If memory serves me correctly, this year there were participants from Australia, Belgium, Canada, England, France, Germany, Holland, Ireland, Israel, Japan, Korea, Russia, South Africa, United States, aside from a number of Dr. Sankaran’s closest Indian colleagues and students. We even had a visitor from Iran attend briefly.
It is very heartening to see how homeopathy in general, and the Sankaran ‘Sensation System’* in particular, has become such an international language of healing. It seems that there are very few countries where it has not reached. One particular day during the conference, I happened to see a stack of copies of a book placed on a chair by one of the Indian homeopaths. From the format and names on the cover I knew that it was one of Dr. Sankaran’s books, but it was written in a totally unfamiliar language. On asking about it, he said that he had just returned from Romania where he had taught a seminar and these were Romanian translations hot off the press being readied for shipping.
However exciting it was to participate in the Training Course to observe first hand how the Sensation System has evolved and matured over the last 2 years (it only really has formally been in existence for 5 or 6 years), what made this year’s trip even more special was an opportunity to visit a homeopathic hospital outside the city.
In a sense, these two experiences were a perfect counterbalance to each other. On the one hand, I was learning about a system that is at cutting edge of developments in the philosophy and practice of homeopathy at a fancy hotel in one of Mumbai’s most prosperous districts. On the other, I was going to witness how a much more traditional homeopathic approach was effectively taught and employed in a much less affluent, much more remote setting.
Now, rural India is a world apart from our image of a country with ever increasing technological prowess and a highly educated workforce, hurriedly taking its place amongst the most modern of nations. While computers and cell phones seem to have found their way into the countryside, they haven’t affected its entrenched poverty and lack of opportunity.

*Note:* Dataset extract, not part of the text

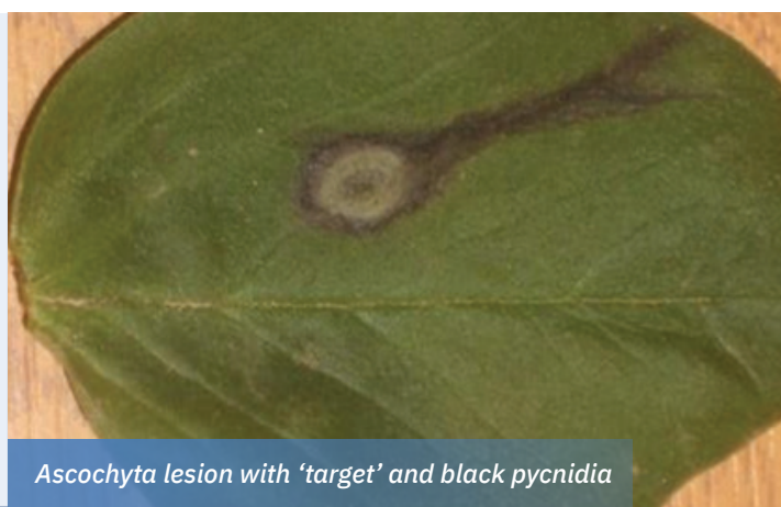
Ascochyta lesion with 'target' and black pycnidia

This disease is easily preventable by using disease free seed and good rotations. Volunteer beans (in a following cereal crop) will almost always display the characteristic symptoms on their leaves and later, their stems. The main yield effect is from lodging as the disease weakens the stem. Control with fungicides is rarely warranted in spring beans, but is quite common in autumn drilled crops. All Seedtech beans are certified Ascochyta free by DAFM.

While urban centers like Mumbai with its metropolitan population of some 20 million appears to be changing at a rapid pace, adding glitzy shopping centers, American fast food chains and more cars than the roads can handle, most rural areas remain remote, underserved and largely unchanged.
Palghar is a township 130 kilometers north of Mumbai and 10 kilometers inland from the Arabian. Its population of 50,000 either commutes 2 1/2 hours by train to work in Mumbai, is employed in local small textile and chemical factories or else farms. Farmers grow grass that is sold to dairies in Mumbai as well coconuts, chickoo fruit and rice.
With a train station on a heavily used line between Mumbai and the city of Ahmedabad, population 7 million - the largest city in the neighboring state of Gujarat, Palghar does not feel so remote. It is by no means affluent, but there is a small commercial center as well as a number of schools and hospitals that serve the area.
But a short drive into the surrounding district reveals a distinctly different picture where the amenities of modern life are scarce. It is an agricultural area where little hamlets of mostly thatched huts dot a landscape of fields and hills. The roads are plied by commercial lorries, large three wheeled ‘auto-rickshaws’ overloaded with passengers that serve as taxis, ox carts and pedestrians. Services such as health care facilities are few and far between. This is not a romantic pastoral setting; the landscape is neither picturesque nor idyllic. There is a sense of desolation that accompanies the vastness and a feeling that life is harsh. It is the India of some 700 million rural people.
The Dhawale Memorial Homoeopathic Hospital in Palghar is a 50 bed facility that opened its doors in 2000. It was created as a resource to serve the underclass of 200,000 workers, farmers, landless laborers and 50,000 tribal peoples in the area. (India has a huge population of indigenous tribal peoples living in a number of states in the country. According to fifteen year old census figures, they number approximately 70 million and make up 8 percent of the total population.)
While quite new, the hospital itself has roots dating back to the 1930’s. It is the product of a vision for the place that homeopathy can play in the Indian healthcare system created and developed by two renowned homeopaths, Dr. L. D. Dhawale and his son, M.L. Dhawale.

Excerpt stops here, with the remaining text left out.